Let $(a_n)$ be a bounded sequence such that $\inf_{\ell} a_{\ell}<a_n< \sup_{\ell} a_{\ell}$ for each $n=1,2, \dots$
I want to show that there are subsequences $(a_{k_n})$ increasing and $(a_{m_n})$ decreasing such that $a_{k_n} \to \sup_{\ell} a_{\ell}$ and $a_{m_n} \to \inf_{\ell} a_{\ell}$.
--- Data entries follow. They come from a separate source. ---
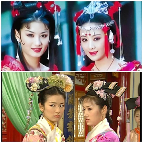 以上这组靓照图,都是上错花轿嫁对郎和还珠三的女主和女配的对比照,我个人还是觉得上错花轿嫁对郎里面的造型和服饰更好看,当然都不是一个朝代的服饰了,完全不是一个类型。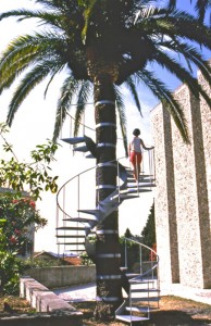 Pour moi cette pièce encore plus que d'autres est vraiment la réalisation dâ'un rêve, un rêve qui vient de l'enfance, parce que je suis originaire d'une région où il n'y pas de palmier. Et j'ai toujours révé de pouvoir grimper à cet arbre qui était tellement exotique pour moi, mais comme il n'y avait pas de branche, j'en étais frustré. Le fait d'enrouler un escalier hélicoédal autour de son tronc nous permet de monter dans l'arbre jusqu'à se retrouver sous ses palmes. Je propose un point de vue qui est celui du palmier, c'est une expérience particulière, et à la montée quand on se retrouve autour du tronc on a vraiment une autre perception.
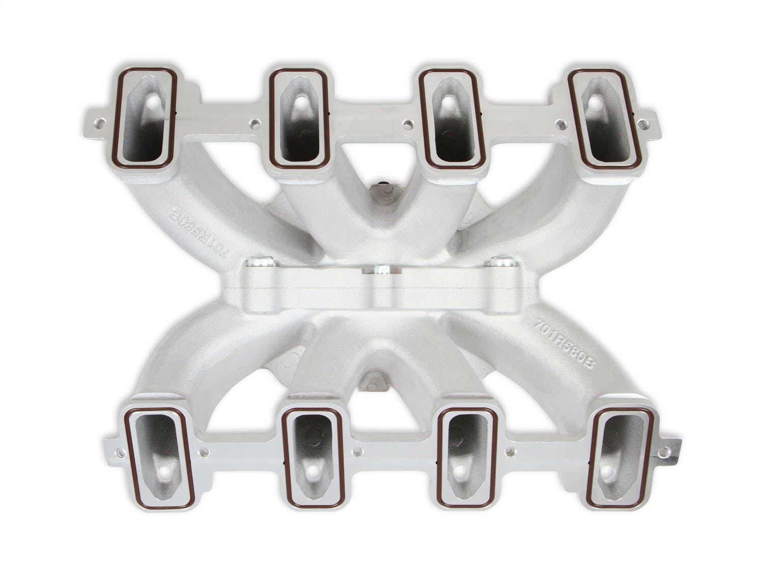 Race Intake Manifold; EFI; Fits w/GM LS1/LS2/LS6 Engines; 4500 Dominator Flange; 7.320 in. Front H.; Split Single Plane; Satin Finish; Silver; w/Fuel Rails;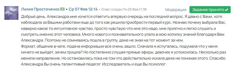 Формат, общение в чате, подача информации все очень зашло. Сначала я испугалась, подумала что у меня ничего не выйдет, зачем пришла? Но постепенно слушая прямые эфиры, девочек я успокоилась. Несколько раз меняла направление. Но остановилась пока на том что действительно искала даже не понимая этого. Спасибо Александра Вы очень талантливый педагог. Исследователь и еще Вы психолог.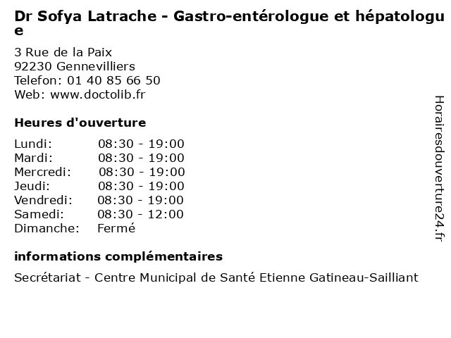 1 Dr Heithem Soliman - Gastro-entérologue et hépatologue (Distance: 0,00 km) 3 Rue de la Paix, 92230 Gennevilliers consultation, docteur, dr, entérologue, et, gastro, heithem, hépatologue, med, médecin, médecine, soliman, traitement 2 Medecin Alain Palacci (hépatologue) (Distance: 2,46 km) 37 Impasse du Noyer Bossu, 93800 Epinay-sur-Seine alain, docteur, hépatologue, medecin, palacci, sante, services 3 Dr Caroline Le Chauff de Kerguenec - Gastro-entérologue et hépatologue (Distance: 5,58 km) 2 rue du Docteur Delafontaine, 93205 Saint-Denis caroline, chauff, consultation, de, docteur, dr, entérologue, et, gastro, hépatologue, kerguenec, le, med, médecin, médecine, traitement 4 Medecin Martine Carlier (hépatologue) (Distance: 6,43 km) 28 Avenue Hoche, 75008 Paris carlier, docteur, hépatologue, martine, medecin, sante, services 5 Dr David Parlier - Gastro-entérologue et hépatologue (Distance: 7,10 km) 72 Avenue d'Iena, 75116 Paris david, dr, entérologue, et, gastro, hépatologue, médecin, médecine, médical, parlier, pharmaceutique, traitement 6 Medecin Nathalie Boyer Darrigrand (hépatologue) (Distance: 7,12 km) 30 Salvadore Allende, 92000 Nanterre boyer, darrigrand, docteur, hépatologue, medecin, nathalie, sante, services |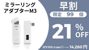 「ミラーリングアダプターM3」は、Wi-Fiやネット接続を必要としないワイヤレスタイプ。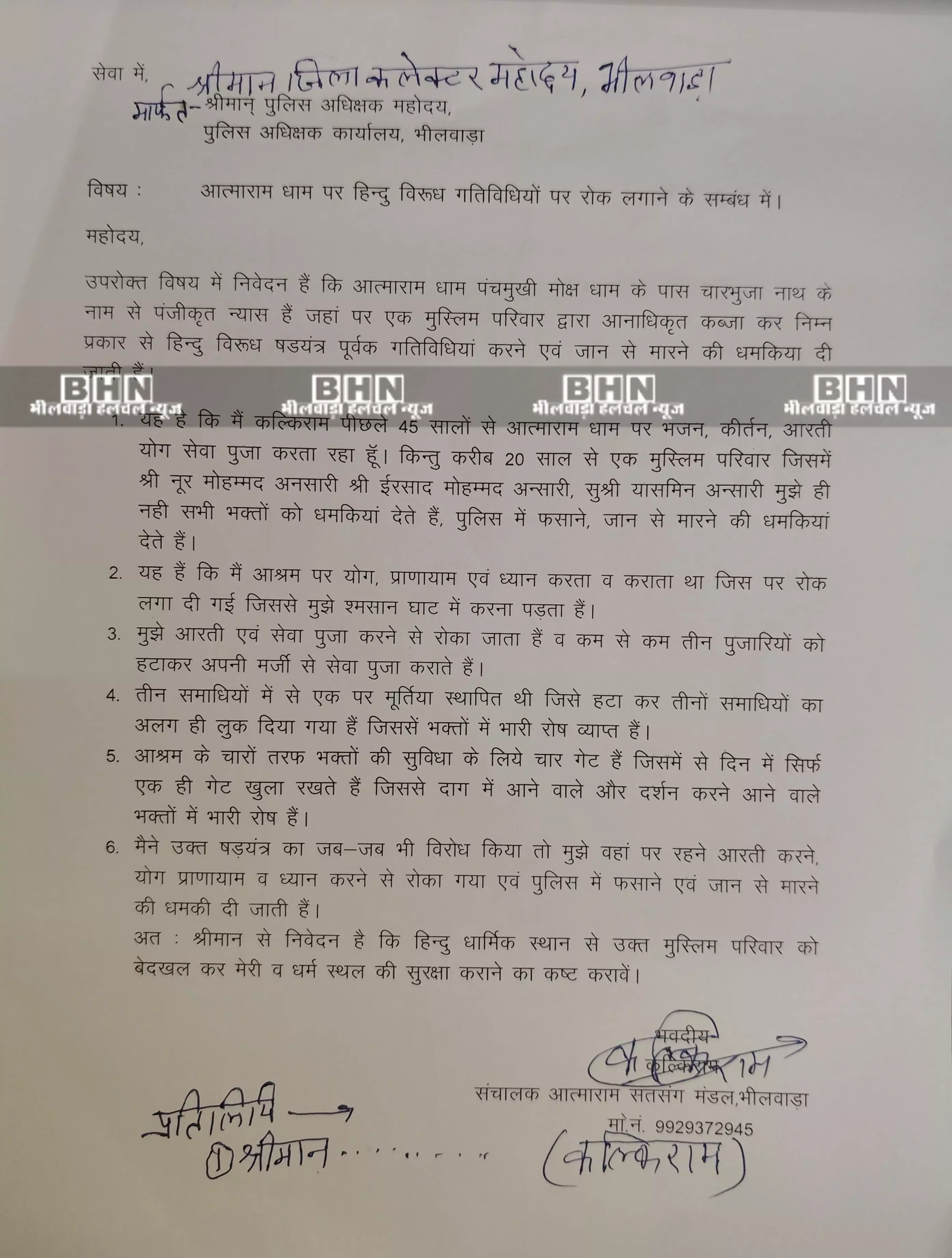 भीलवाड़ा बीएचएन। आत्मारामध धाम पर हिंदू विरोधी गतिविधियों पर रोक और सुरक्षा की गुहार करते हुये आत्माराम सतसंग मंडल संचालक कल्किराम ने जिला कलेक्टर को ज्ञापन दिया है।
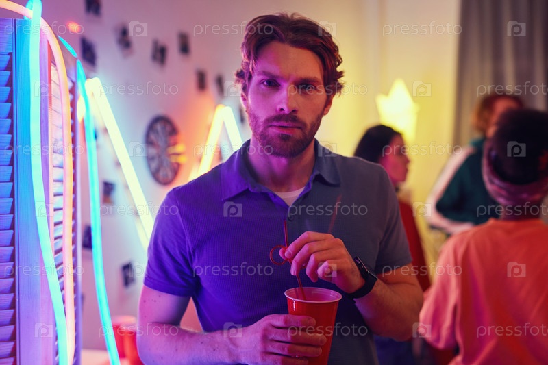 Мужчина с коктейлем на вечеринке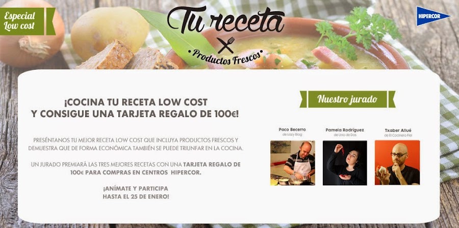 En esta ocasión, la temática es bien sencilla, se trata de hacer una receta económica o Low Cost, elaborada con productos frescos. Algo con patatas, cebollas, verduras, carnes, pescados, lo que os apetezca pero que resulte económico. El premio, 100 euros para comprar en Hipercor, y todo en los próximos 15 días. Espero que como en otras ocasiones os animéis a participar con vuestras ideas porque además va a haber Tres ganadores cada uno de ellos con su tarjeta de regalo.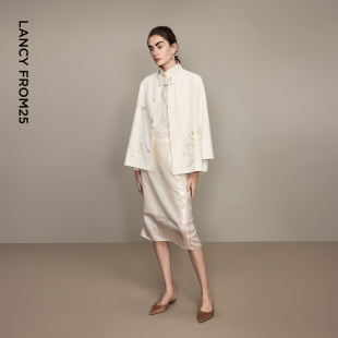 新款 刺绣盘扣外套气质通勤2026年春季 朗姿羊毛新中式 女 兰亭叙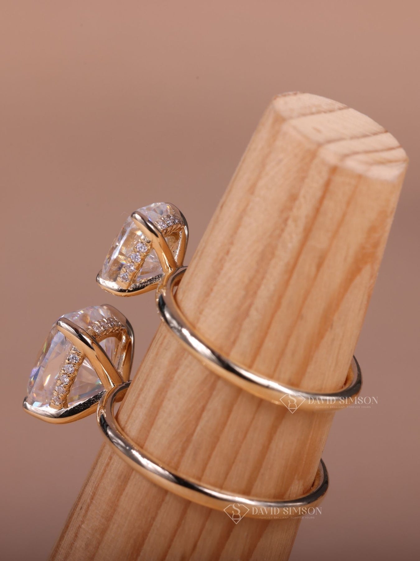 1.50CT-2.50CT Cushion Cut Moissanite Diamond Hidden Halo Engagement Ring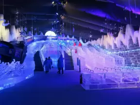 Hotel inside a giant atrium with tropical plants, fish, alligators, and decorations. ICE sculpture event in December.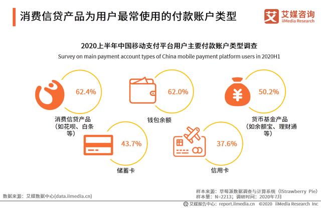 iiMedia Research(艾媒咨询)数据显示,受访用户对移动支付平台各类支付账户产品整体依赖度高于银行账户产品,其中消费信贷产品为受访用户最常支付的账户类型,占比达62.4%,其次是电子钱包余额,占比为62.0%。艾媒咨询分析师认为,用户对移动支付账户的高度依赖有利于移动支付平台拓展个人支付增值业务,提高平台变现能力。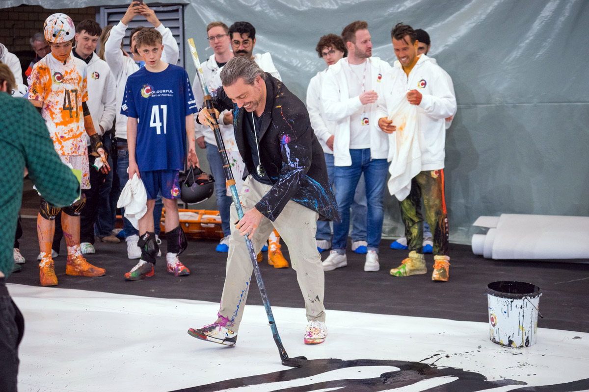Erleben Sie die beeindruckende Verschmelzung von Kunst und Fußball auf einer gigantischen Leinwand von 13.033 qm, geschaffen mit über 8.000 Litern Farbe.
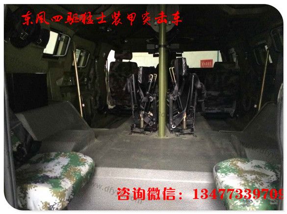 猛士裝甲內(nèi)飾:同樣受保密制度限制,沒(méi)有第一時(shí)間得到猛士裝甲版內(nèi)飾照片,與猛士基礎(chǔ)車型相仿,因?yàn)橹兄靡,車?nèi)中央通道前部被發(fā)動(dòng)機(jī)所占據(jù),后排座的中央通道形成一個(gè)平臺(tái),可放置貨品或?yàn)檐図斘淦骰咎峁┤藛T操作平臺(tái)。請(qǐng)注意上下兩幅圖的猛士裝甲版車門(mén)內(nèi)側(cè)特寫(xiě)的不同。

Could you give me a hint how we could find the desired subsequences?
Hint
Suppose the infimum is $0$ and the supremum is $1$. Choose $a_{k_1}=a_1$ as the fist member of the decreasing sequence. Then since $a_1>0$ by hypothesis, there is an element $a_{k_2}$ with $k_2>k_1$ and $0<a_{k_2}<a_{k_1}/2$ and a $k_3>k_2$ and $0<a_{k_3}<a_{k_2}/2$ and so on. (Make sure you see why we can choose $k_{m+1}>k_m.$)
EDIT
In response to the OP's comment. First of all, since $0 = \inf{a_n}$ there are $a_k$ arbitrarily close to $0$ so we can certainly find $k_2$ such that $0<a_{k_2}<a_{k_1}/2$. The only question is whether we can find such a $k_2>k_1$. Suppose not. Then $K=\{k|a_k<a_{k_1}\}$ is finite, and then $\inf{a_k}=\min_{k\in K}a_k>0,$ contradiction.